→ **Exercise materials**
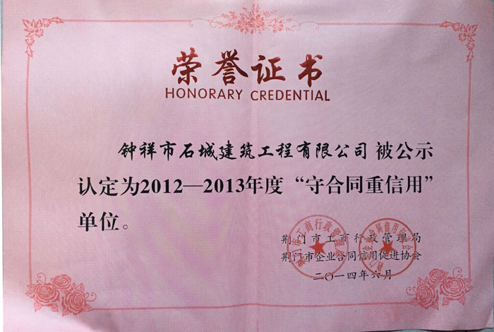 2014年6月被公示認(rèn)定為2012-2013年度“守合同重信用”單位
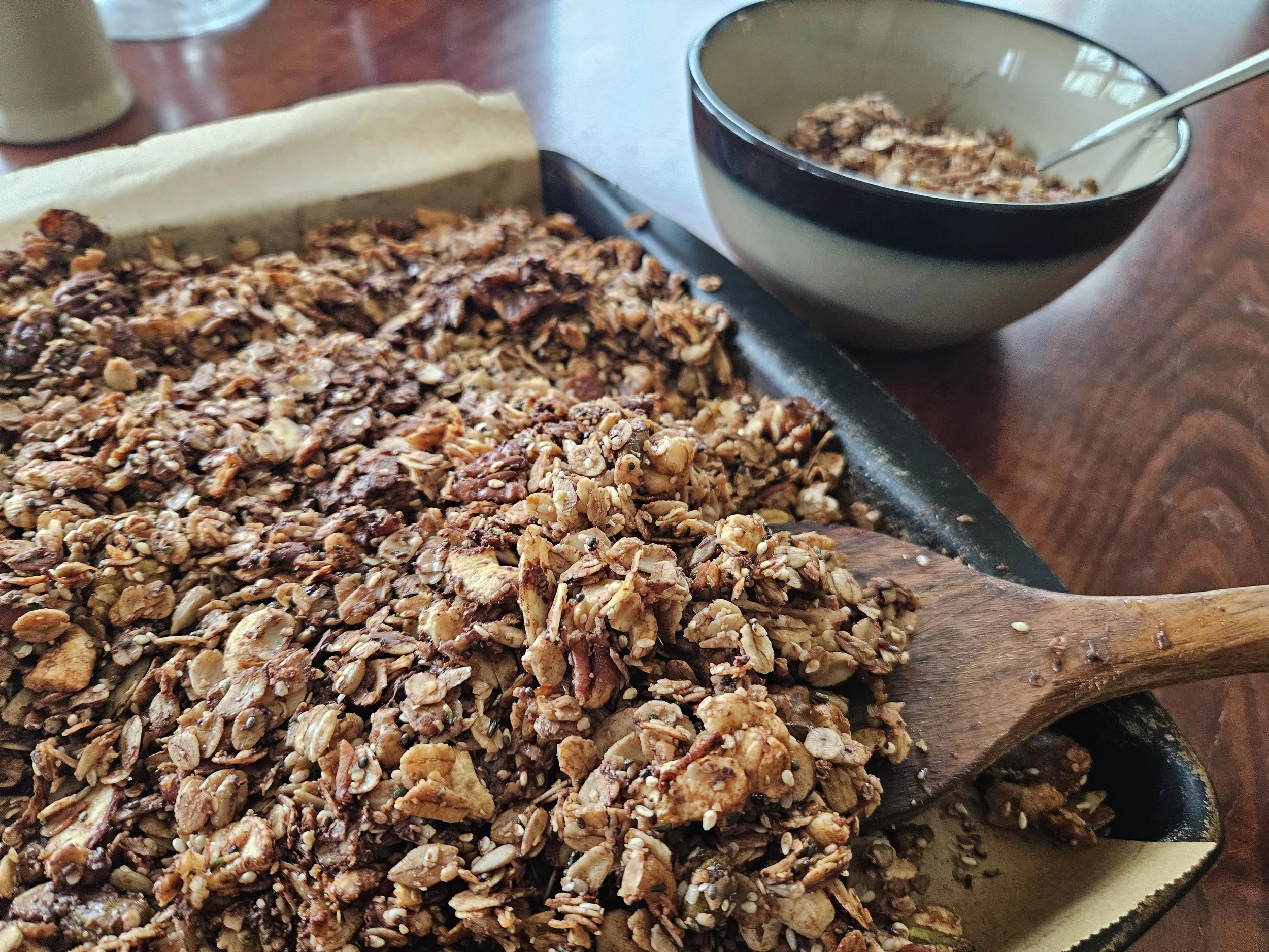 When Palmer was a tween he took on the role of granola maker in our family. The recipe he followed was heavy on the oats, which made the end result a rather dry, flakey kind of granola. It was good but I tend to like a little chunkier granola, something that is a little sticky and has some heft to it. When his high school schedule did not afford much time for granola making, I took the role back over and tried a recipe that was super nutty and seedy. It was called “Superwoman Granola” because of all the hormone supporting powers of the many nuts and seeds. For a while we all ate Superwoman Granola (even the menfolk) but some were missing the oaty days of yore so I decided to find a middle ground.
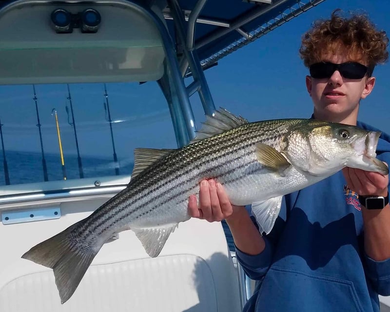 I took my niece out - it was her first fishing experience. Jim was a great teacher; patient and lots of fun. Enjoyed a beautiful afternoon on the water catching Stripers, Bluefish and Bonito. Top notch boat and a great guide. I would highly recommend a trip with Blue Bandit!
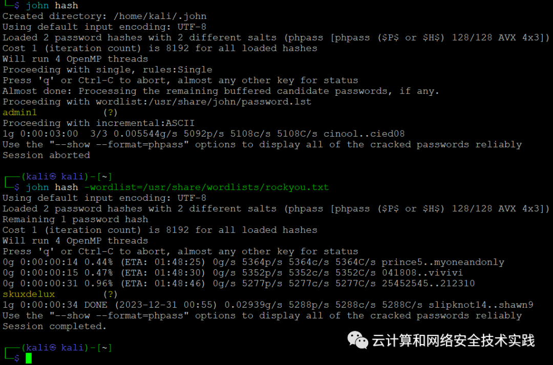 john hash -wordlist=/usr/share/wordlists/rockyou.txt,
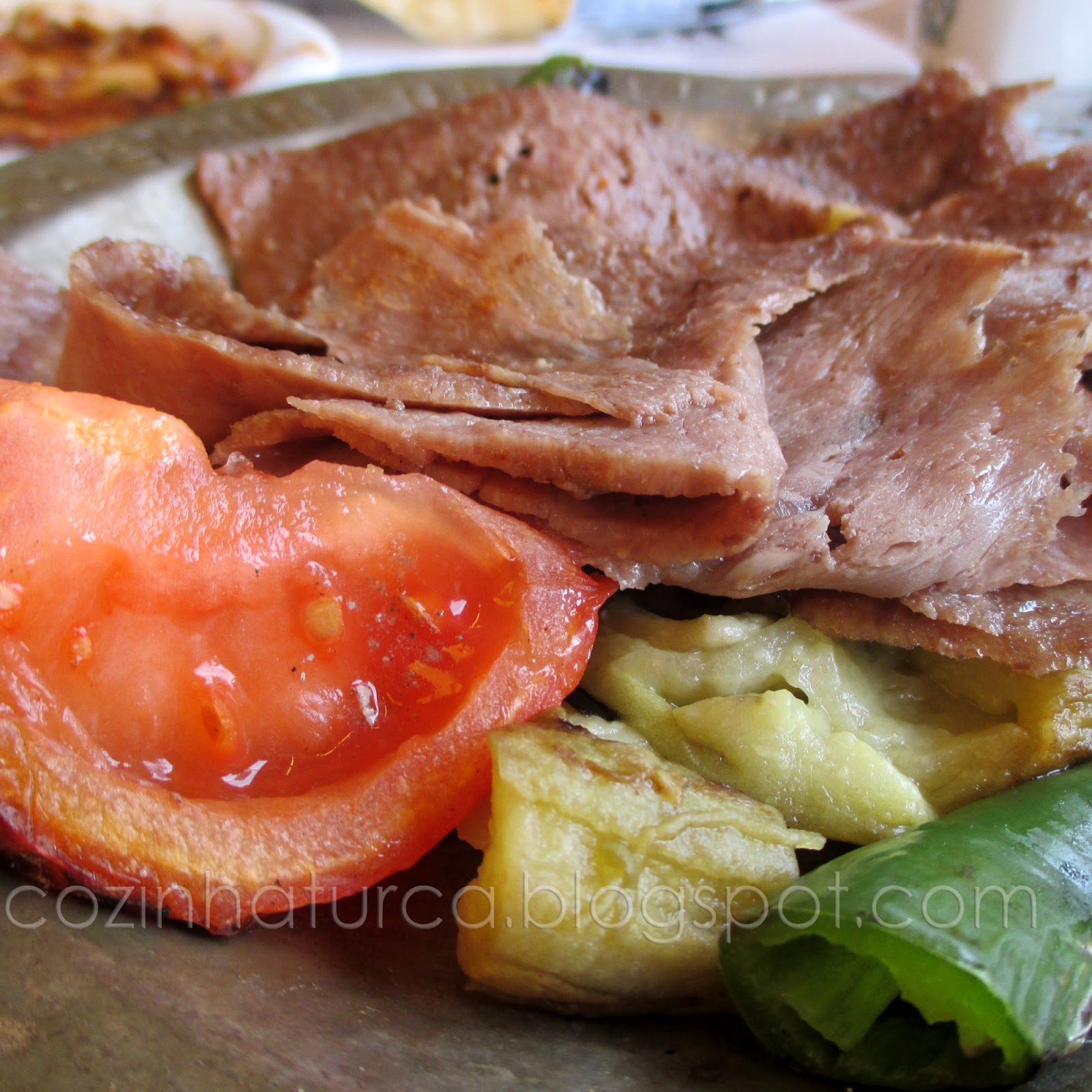 1 frango cortado * 2 cebolas médias * 4 dentes de alho * 4 batatas médias * 2 tomates * 3 pimentões verdes médios * 1/2 limão * 1 colher de café de açúcar * sal * pimenta preta
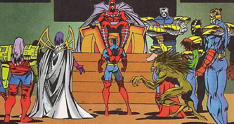 Magneto had built a floating fortress, Avalon, for mutants who sided with his way of doing things. He created a team of his own in his Messiah complex, naming them the Acolytes. During the funeral for Illyana Rasputin, Magneto and his team touch down to earth. He invites all who are willing to walk a different path from Xavier to ascend to Avalon. A battle ensues and the X-Men seem to have the upper hand in the fight against Magneto. That is, until Colossus joins the fray and beats back the X-Men, assisting Magnus in fighting them off. In the end, he ascends to Avalon with the rest of the Acolytes.
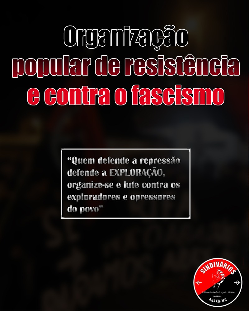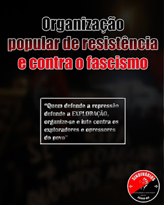Resistência contra a exploração capitalista através da organização popular. Seja através dos núcleos sindicais ou da organização popular - por todos os meios lutar por nossos direitos e combater o fascismo. Participe ativamente das lutas, opine, esteja presente em assembléias, seja parte da resistência. Os patrões são os principais financiadores de grupos da extrema direita, eles sabem que o fascismo é vantajoso pra eles, eles querem calar os sindicatos e movimentos sociais. Temos que nos defender, nossa luta é o meio para defesa e conquista de direitos.
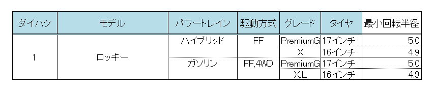 ダイハツの登録車はロッキーのみとなります。なかでも16インチタイヤ採用モデルが4.9mで最も最小回転半径の小さいSUVとなります。

→ **Task requirements**
Pictures aside, return exactly the lines from the data above, starting at the line that has "I took my niece" and ending at the line that has "Magneto had built", both included.

→ **Exercise result**
 I took my niece out - it was her first fishing experience. Jim was a great teacher; patient and lots of fun. Enjoyed a beautiful afternoon on the water catching Stripers, Bluefish and Bonito. Top notch boat and a great guide. I would highly recommend a trip with Blue Bandit!
 john hash -wordlist=/usr/share/wordlists/rockyou.txt,
 1 frango cortado * 2 cebolas médias * 4 dentes de alho * 4 batatas médias * 2 tomates * 3 pimentões verdes médios * 1/2 limão * 1 colher de café de açúcar * sal * pimenta preta
 Magneto had built a floating fortress, Avalon, for mutants who sided with his way of doing things. He created a team of his own in his Messiah complex, naming them the Acolytes. During the funeral for Illyana Rasputin, Magneto and his team touch down to earth. He invites all who are willing to walk a different path from Xavier to ascend to Avalon. A battle ensues and the X-Men seem to have the upper hand in the fight against Magneto. That is, until Colossus joins the fray and beats back the X-Men, assisting Magnus in fighting them off. In the end, he ascends to Avalon with the rest of the Acolytes.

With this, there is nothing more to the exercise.